It is the centerpiece of the United States Colored Troops Memorial Statue monument in Lexington Park, Maryland. Some of the 38th USCT had initially been recruited in Maryland before the Union forces they were assigned to had crossed the Potomac into Virginia. This memorial honors all local African-American soldiers who served in the Union Army in the Civil War.

The monument also has a display that specifically references two Maryland soldiers from the 38th USCT regiment who were Medal of Honor recipients.

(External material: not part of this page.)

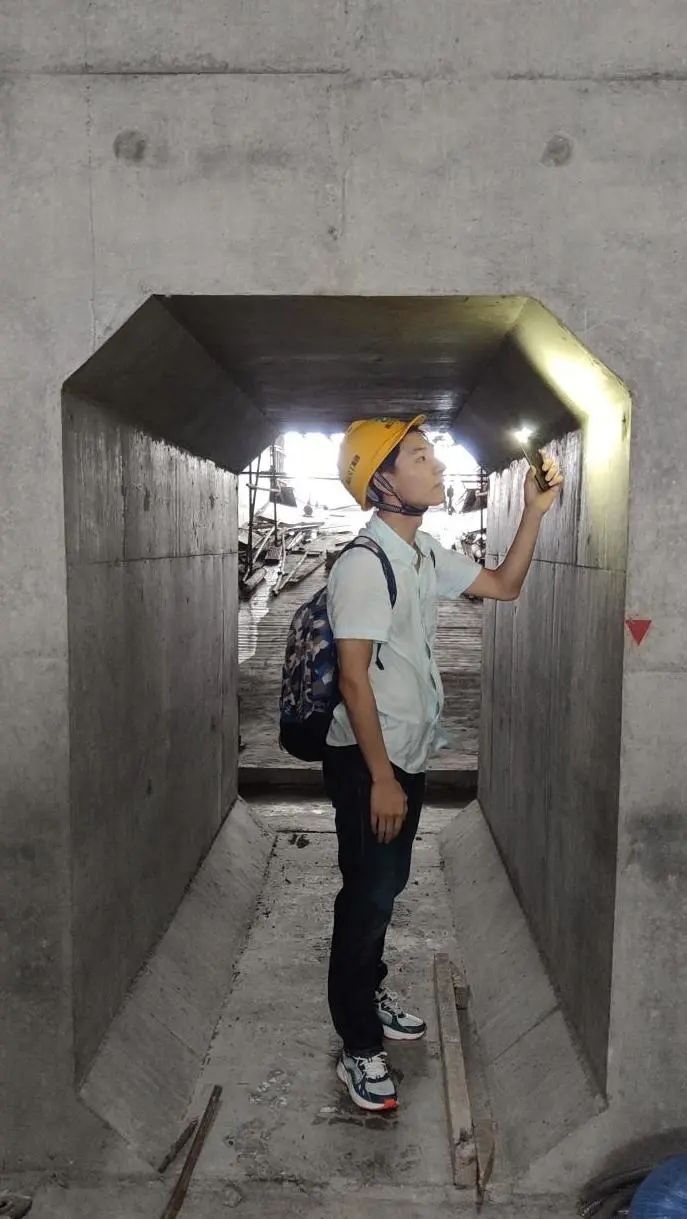 今年暑假,周昊来到中交第二航务工程局有限公司的建设现场,发现工地并非想象中尘土飞扬,课本上的先进技术,这里应用得如虎添翼。“出于安全考虑,我们主要负责监控混凝土车下料,记录每车方量,同时也观察学习,有问题随时请教老师,”已经晒得黑乎乎的他,虽然辛苦,却挺兴奋。浇筑、灌浆、振捣……停在书上的专有名词,在眼前活生生展现,更多现实的、复杂的问题如何解决,老员工们用眼睛看,用笔记,要学的太多了。当然,跟工人师傅们同吃同住,他们对伙食也印象深刻——炒豆皮、鱼香肉丝……干得辛苦,每顿饭菜都吃得特别香。
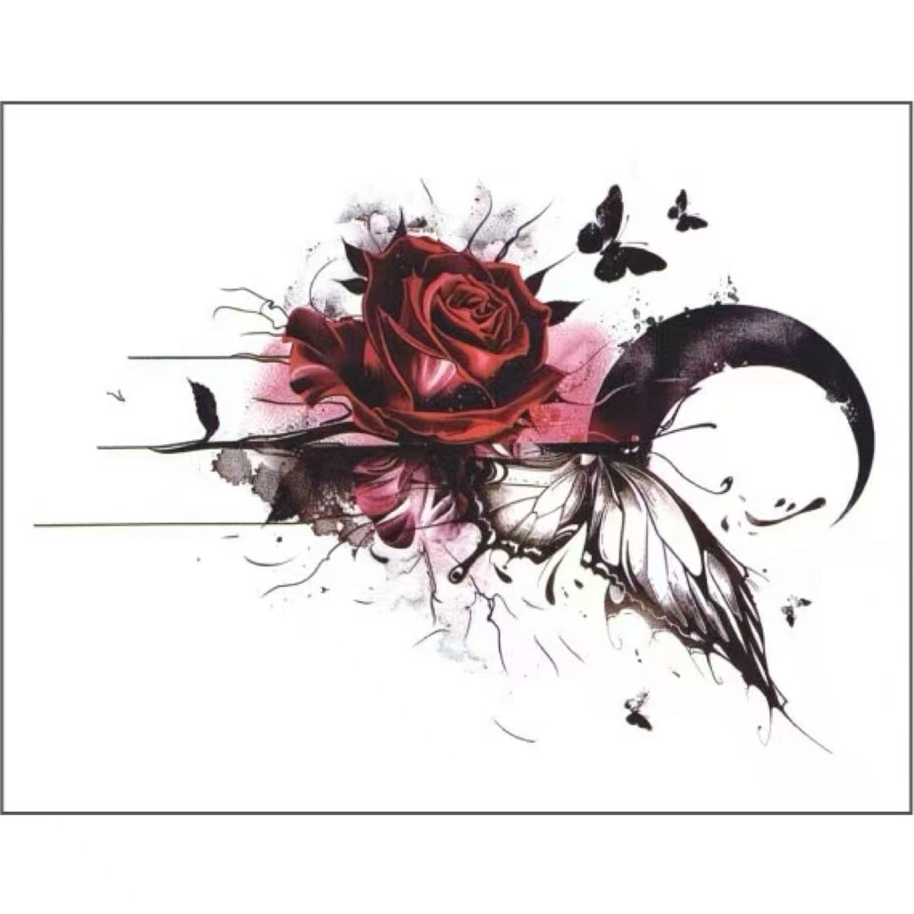 昼夜ローズバタフライタトゥーインスタイル防水長持ちカラフルな甘くてクールなホットガール鎖骨アームステッカー高価値

Potomac Sun Photography, 2013.

===Virginia engagements===

The 38th United States Colored Infantry Regiment was composed of men from St. Mary's County Maryland (both free Black tenant farmers and men who had escaped slavery) in combination with many Virginia men who had been liberated from slavery by the Union army. These two contingents constituted the 38th United States Colored Troops regiment which was organized in Virginia on January 23, 1864, and then subsequently served first at Norfolk and Portsmouth in the Department of Virginia and then served in North Carolina until June 1864, after which it was involved in operations against Petersburg and Richmond for the remainder of the war.

The regiment participated in engagements at Chaffin's Farm on September 29-September 30, Deep Bottom on October 1 and Fair Oaks on October 27-October 28, 1864.

===Three Medal of Honor awardees===

Three members of the 38th, William H. Barnes, James H. Harris, and Edward Ratcliff, were awarded the Medal of Honor for their actions at Chaffin's Farm. The unit then served in the trenches north of the James River until the fall of Richmond in April 1865. The 38th occupied Richmond on April 3, 1865, and continued duty in the Department of Virginia through the end of the war and into May.

===Texas===

The 38th was moved to Texas between May 24 and June 6, 1865, where it would stay for the rest of its service. The unit saw duty at various points along the Rio Grande in the southern portion of the state, including Brownsville and Brazos Santiago, as well as at Indianola and Galveston on the gulf coast.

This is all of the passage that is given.